No doutorado, meu foco seria em poços quânticos compostos por ligas com base em antimônio. Estas amostras foram cedidas pelo Institute for Nanoscience and Engineering, da Universidade do Arkansas. Elas possuem tanto aplicação no melhoramento de células solares, quando aplicação na telecomunicação. Além disso, nós realizamos toda a caracterização optoeletrônica dessas amostras, isso pode fazer com que outros pesquisadores encontrem ainda mais utilidades para esses materiais.

CONVERGE: Você expôs a discussão que teve com o ministro e outras mensagens dele no Facebook em um post que teve mais de 5 mil reações e quase 5 mil compartilhamentos.
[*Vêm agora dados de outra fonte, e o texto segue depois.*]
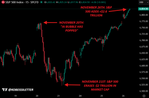 Не продавайте страху: 20 листопада з'явилися широкі виклики про те, що «штучний інтелект» лопнув. Станом на 21 листопада S&P 500 стерла ринкову капіталізацію на -$2 трильйони. Сьогодні, всього через 3 торгові дні, індекс S&P 500 піднявся на +300 ПУНКТІВ від мінімуму. А ринкова капіталізація S&P 500 зараз на +$600 мільярдів ВИЩА, ніж була 20 листопада, коли «луснула ШІ-бульбашка». Ті, хто піддався страху, залишаються позаду. Володіти активами або залишатися позаду.

Você esperava que tivesse tanta repercussão? Você recebeu muito apoio depois disso? Houve críticas?

DIANA Navroski: Primeiramente eu expus o acontecido para alguns amigos, e uma amiga sugeriu que eu tentasse mostrar para um número maior de pessoas. Quando publiquei no Facebook, fiz como um gesto de desabafo e indignação com a postura do ministro. Acredito que pessoas em cargos importantes como esse devam ter uma postura de resolver o problema e atuar em função do povo.

Quanto à repercussão, eu não esperava que fosse desse tamanho, acreditava que ia atingir somente os meus amigos do Facebook. Na própria postagem houve muitos comentários de pessoas indignadas, tanto com o acontecido, quanto com os cortes das bolsas. Muitas pessoas entraram em contato comigo no Messenger mandando mensagens de apoio. Eu fiquei realmente surpreendida com a repercussão. Quanto a criticas, houve algumas. No próprio comentário do ministro, tiveram pessoas me chamando de mentirosa e pedindo pra eu, de alguma forma, provar que eu realmente era pesquisadora, pediram até meu currículo Lattes. Porém, o número de mensagens de apoio e solidariedade foi muito maior.

CONVERGE: Você acha que as pessoas agora estão dando mais valor para a ciência e pesquisa nessa crise do Covid-19?

DIANA Navroski: Eu acredito que sim. No ano passado inclusive, quando houve cortes, vi pessoas dizendo que realmente deveriam cortar das pesquisas, que queriam seus impostos aplicados em outras áreas. Porém, nos cortes de agora, vi muitas pessoas apoiando e acreditando na ciência. Inclusive vi muitas pessoas que ficaram chocadas, que justamente agora ocorram cortes na ciência. Em contrapartida, ainda existem pessoas que não apoiam as ciências e pessoas que acham que só é um bom investimento se for aplicado na área das exatas e biológicas. Isso me preocupa um pouco porque a área das humanas, que desenvolve pesquisas muito importantes, continua sendo deixada de lado.

CONVERGE: Tem esperança de que a Portaria 34 seja revogada?

DIANA Navroski: Na data de ontem (01 de abril) a capes anunciou que houve um erro na distribuição das bolsas, que gerou um corte de 6 mil bolsas. Isso vem em contramão do que eles haviam afirmado até agora. Eles anunciaram, ainda, que essas 6 mil bolsas vão ser distribuídas para os programas de pós-graduação. Porém, eu acredito que o melhor seria a revogação da portaria, pois, caso ela se mantenha, essas 6 mil bolsas vão ser distribuídas entre os programas mais bem avaliados, deixando muitos estudantes desamparados, e muitos programas com pouquíssimos pesquisadores. Além disso, há projetos de decreto legislativo para serem votados, tanto na câmara, quanto no senado. Esses decretos pedem a suspensão da portaria 34. Eu espero que sejam votados logo, e que a portaria seja revogada.

Nota: Até o momento da publicação, o Ministério Público Federal (MPF) entrou na Justiça para que a Capes suspenda a portaria.